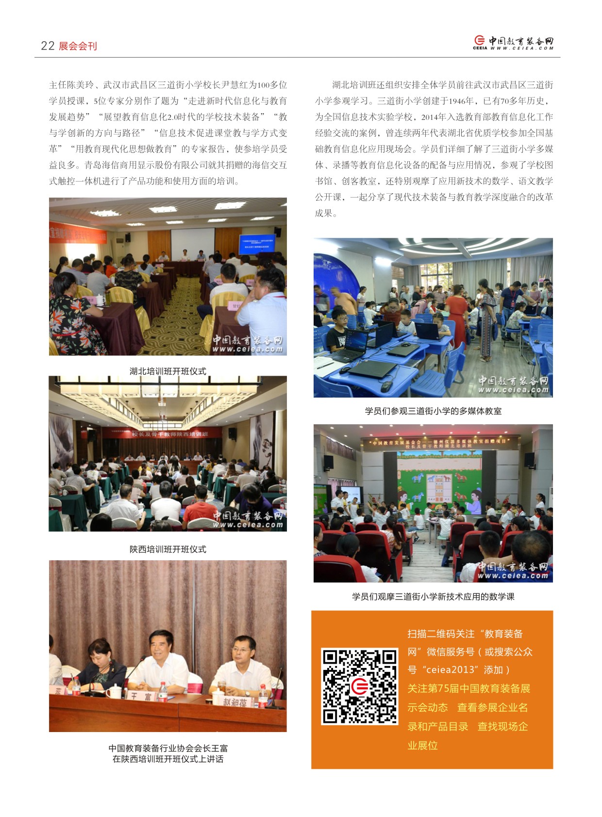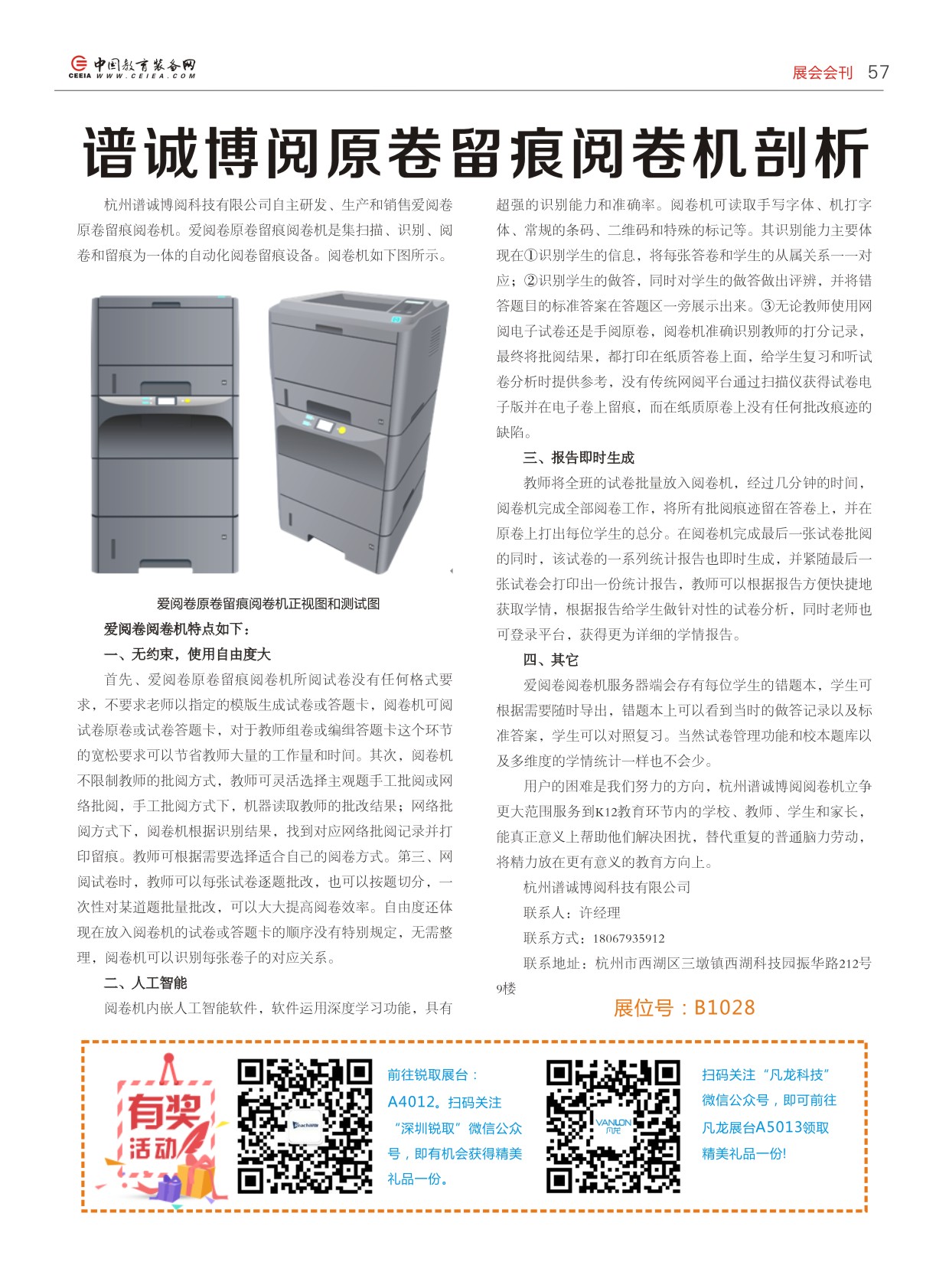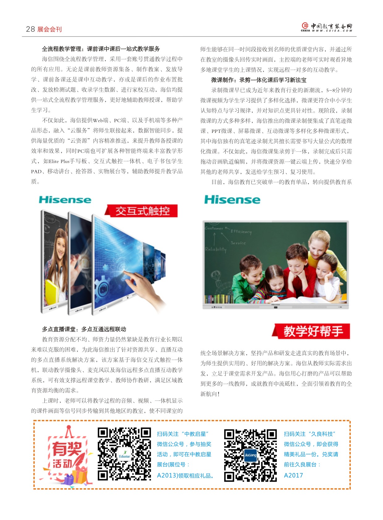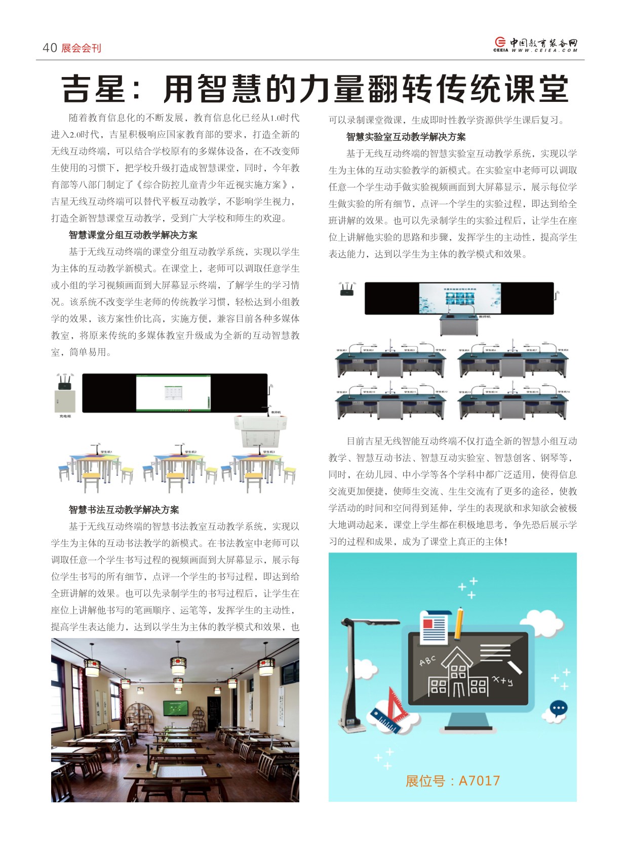 为更好的服务展会、服务企业、服务参展观众,教育装备网围绕“提供展会活动指引,突出参展企业亮点”为宗旨,精心策划制作了《中国教育装备展示会展会特刊》(以下简称《特刊》),于展会期间,现场发放给行业协会领导、各省参会领导、代表以及现场观众。
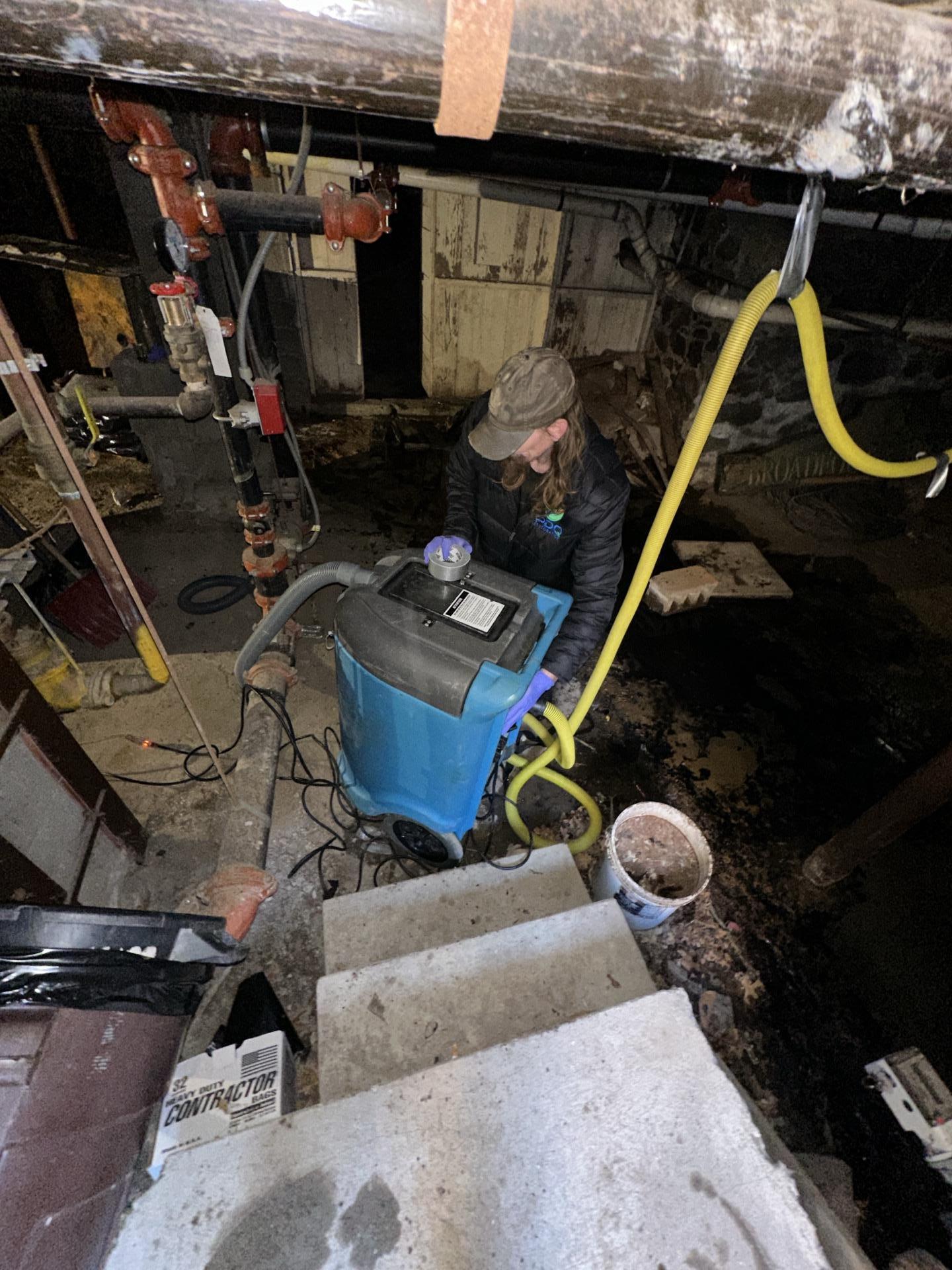When the PDQ team arrived at the Chatham, NJ property, they immediately began extracting the water using high-capacity pumps and wet vacs. The basement was filled with furniture, boxes, and storage bins, so contents were carefully sorted—salvageable items were removed, cleaned, and dried, while unsalvageable items were documented for insurance and discarded. PDQ technicians then began a thorough drying process using industrial-grade dehumidifiers and air movers to address both visible wet areas and hidden moisture within walls and insulation.
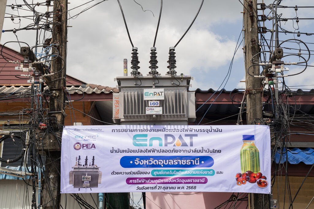 On 21 October 2025, the National Energy Technology Center (ENTEC), National Science and Technology Development Agency (NSTDA), in collaboration with the Provincial Electricity Authority (PEA), advanced the expansion of “EnPAT,” a safe, Thai palm-oil-based transformer oil in Ubon Ratchathani. The EnPAT-filled transformer was installed in Hua Ruea Subdistrict, Mueang Ubon Ratchathani District, Ubon Ratchathani Province, under the supervision of Mr. Supas Sriwilai, Manager of the PEA Ubon Ratchathani Provincial Office.
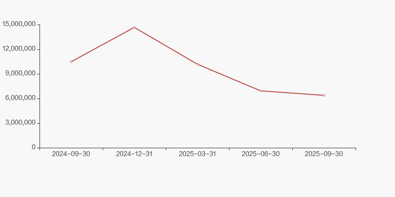 截至2025年9月30日,公司最新总股本为10.36亿股,其中流通股本为7.14亿股。户均持有流通股数量由上期的1.04万股上升至1.11万股,户均流通市值21.36万元。
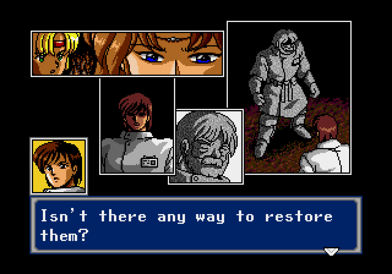 Phantasy Star was Sega’s main JRPG for their other console, the Mega Drive, and The End of the Millenium was the final entry in the series. Despite not relying on a CD-ROM for storage, it featured lots of animated characters and enemies, and copious amounts of pixel art stills for its manga-esque cinematic sequences.
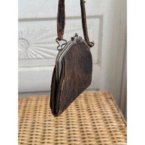 This charming antique mini leather purse from the 1910s features a classic kiss lock closure and a top handle design. Its worn, shabby look adds to its vintage appeal, making it a unique collectible or accessory. This little purse measures 5x3.5" The inside is cotton and is intact but is coming loose by the frame. It has an attached mirror which is still pretty clear but has a sepia tint. The frame is aged and the leather as well. I am not sure how usable this is due to the aged appearance but would make a nice little display piece .
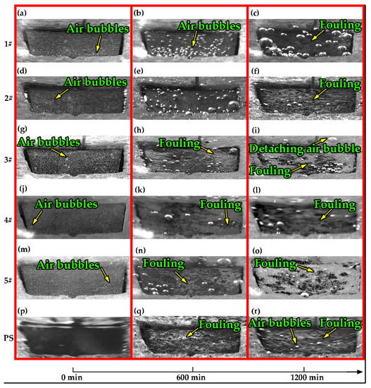 A high-speed camera was employed to capture the surface morphologies of Fe–Al MNS during the antifouling experiment, which are shown in Figure 10. As shown in Figure 10a,d,g,j,m,p, there were some air bubbles trapped on the Fe–Al MNS, and no air bubbles were trapped on the PS at 0 min. When the Fe–Al MNS sample was immersed in the fouling solution, the trapped air appeared as bubbles on the Fe–Al MNS surface [38]. Compared with Fe–Al MNS, there were no micro/nanostructures on the surface of PS to trap air, so no air bubbles appeared on the surface. Additionally, the number and dimension of air bubbles that adhered on the surface of #4 and #5 Fe–Al MNS were less than on the other Fe–Al MNS. Over time, as shown in Figure 10b,e,h,k,n,q, a growing number of air bubbles appeared on the Fe–Al MNS due to the enhancement of boiling bubble activity [39,40]. The detachment of boiling bubbles from the Fe–Al MNS helped to dislodge the loose fouling from the surface with a wiping action [32]. Thus, there was no fouling deposited on the surface of #1 and #2 and some fouling deposited on the surface of #3, #4, and #5 where there were no boiling bubbles. Compared with Fe–Al MNS, the PS was totally different, with a lot of fouling deposited, which covered the whole heat-transfer surface with a fouling layer. Because of the hydrophilic property of PS, it was convenient that the fouling crystals in the fouling solution were deposited on the surface. Furthermore, there was no wiping action on the surface of PS due to there being no detachment of boiling bubbles, resulting in the deposited fouling layer being strongly adhered on the substrate. At 1200 min, as shown in Figure 10c,f,i,l,o,r, the fouling layer adhered on the PS was still stable and fouling also appeared on all Fe–Al MNS samples. The fouling deposited on the #5 Fe–Al MNS was the greatest of all the Fe–Al MNS samples, while on the other Fe–Al MNS it was reduced gradually from #4 to #1. As shown in Figure 10c, there were a lot of large air bubbles on the #1 Fe–Al MNS, which could isolate the Fe–Al MNS from the fouling solution. In addition, the wipe action from the detachment of bubbles continued to affect the deposition of fouling. These phenomena were also observed on the other Fe–Al MNS in Figure 10f,i,l,o. However, the average dimension of detaching air bubbles was gradually decreased from #2 to #5 Fe–Al MNS. According to Figure 8, the hydrophobic property of #2, #3, #4, and #5 Fe–Al MNS was weaker than that of #1 Fe–Al MNS, resulting in the fouling crystal nucleus being able to adhere in the micro/nano pores of #2, #3, #4, and #5 Fe–Al MNS to impede the formation of boiling bubbles. Thus, the wiping action from the detachment of boiling bubbles was weakened, so fouling could be easily deposited on the #2, #3, #4, and #5 Fe–Al MNS compared with #1 Fe–Al MNS.
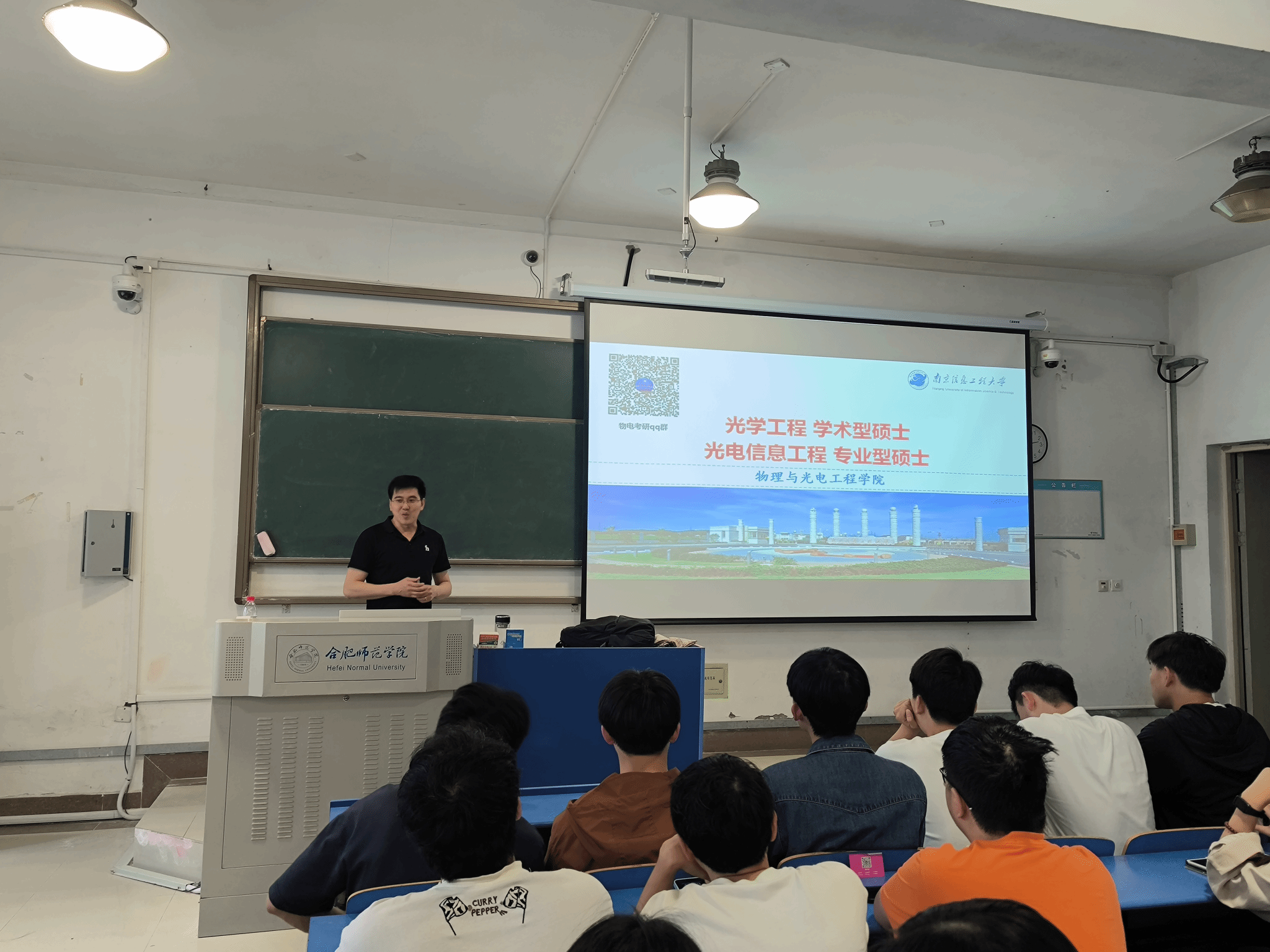 5月30日下午,allwincity万象城官方网站在逸夫楼A104举办研究生报考系列宣讲会,邀请南京信息工程大学物理与光电工程学院副院长赖敏教授为考研学子作现场宣讲。2021级光电信息科学与工程专业学生全体参加,宣讲会由副院长余龙宝主持。
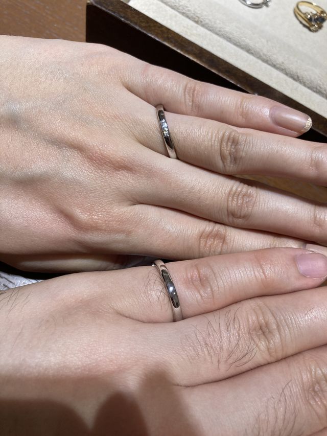 一般的な指輪の形より、つけ心地が良い。種類も豊富なのでたくさんの中から選ぶことができた。指輪の材料のうち、プラチナ以外の部分には、一般的に使われている素材よりもアレルギーになりにくいものを選んでいるらしいので安心できる。
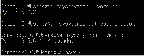 Anaconda Prompt에서 (koreait )이 표시되어 있다면 deactivate 를 입력하여 (base)환경으로 돌아옵니다. (base) 환경에서 python --version 을 실행해 봅니다. 그리고 “conda activate koreait ” 명령으로 가상환경 (koreait )을 활성화시킨 후 python --version 을 실행해 봅니다. (base) 환경에서 파이썬 버전은 3.7.2 이고 (koreait ) 환경에서 파이썬 버전은 3.5.6 이 적용됨을 확인할 수 있습니다.
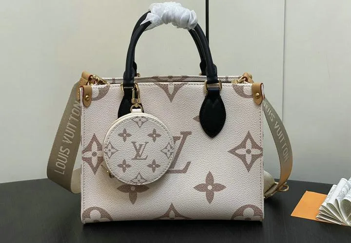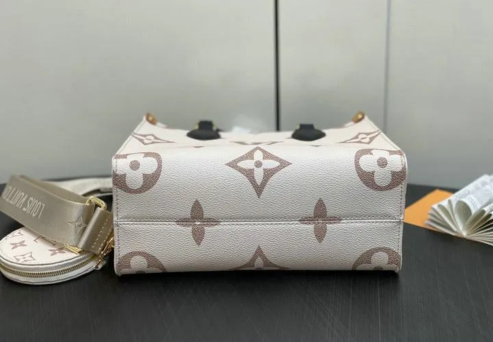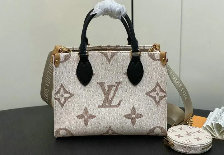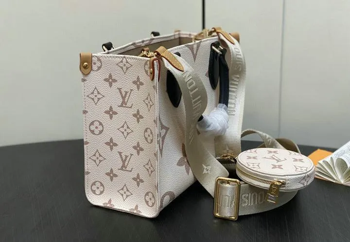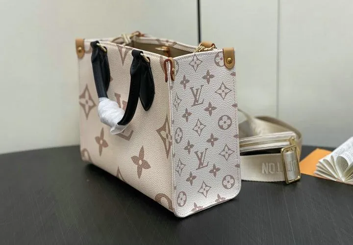 This replica Louis Vuitton OntheGo PM includes a branded dust bag for protective storage and a quality box that mimics the original packaging. You may also receive authenticity cards and care booklets, providing a luxurious unboxing experience. Each accessory is thoughtfully included to enhance the overall feel of owning a premium replica.
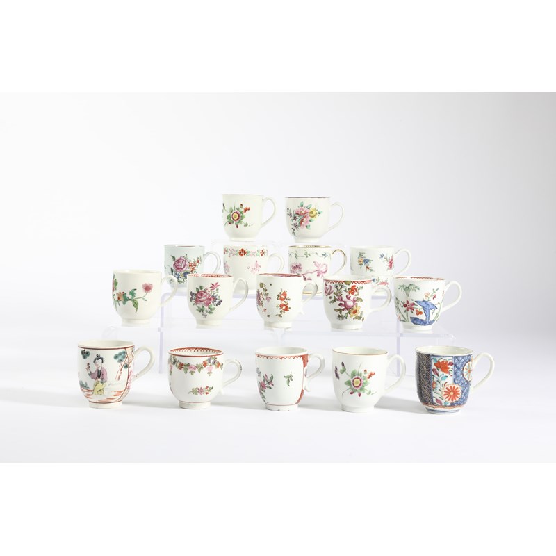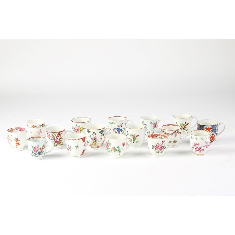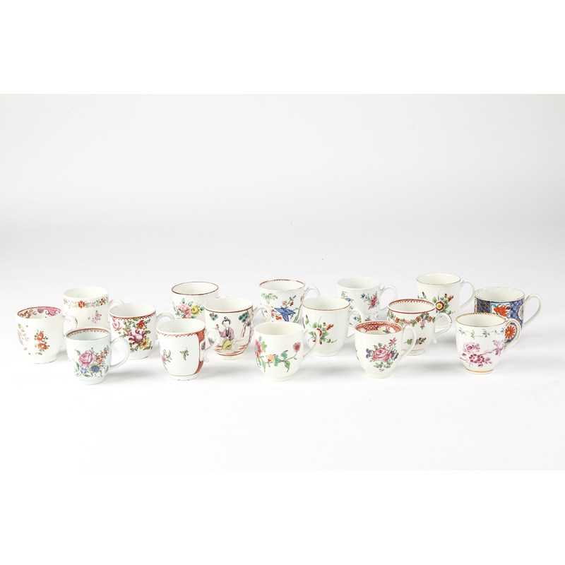 A COLLECTION OF SIXTEEN ENGLISH PORCELAIN COFFEE CUPS

■ **Problem description**
With the pictures omitted, print the lines above exactly, beginning at the line with "Phantasy Star was" and going on through the line with "This charming antique".

■ **Written answer**
 Phantasy Star was Sega’s main JRPG for their other console, the Mega Drive, and The End of the Millenium was the final entry in the series. Despite not relying on a CD-ROM for storage, it featured lots of animated characters and enemies, and copious amounts of pixel art stills for its manga-esque cinematic sequences.
 This charming antique mini leather purse from the 1910s features a classic kiss lock closure and a top handle design. Its worn, shabby look adds to its vintage appeal, making it a unique collectible or accessory. This little purse measures 5x3.5" The inside is cotton and is intact but is coming loose by the frame. It has an attached mirror which is still pretty clear but has a sepia tint. The frame is aged and the leather as well. I am not sure how usable this is due to the aged appearance but would make a nice little display piece .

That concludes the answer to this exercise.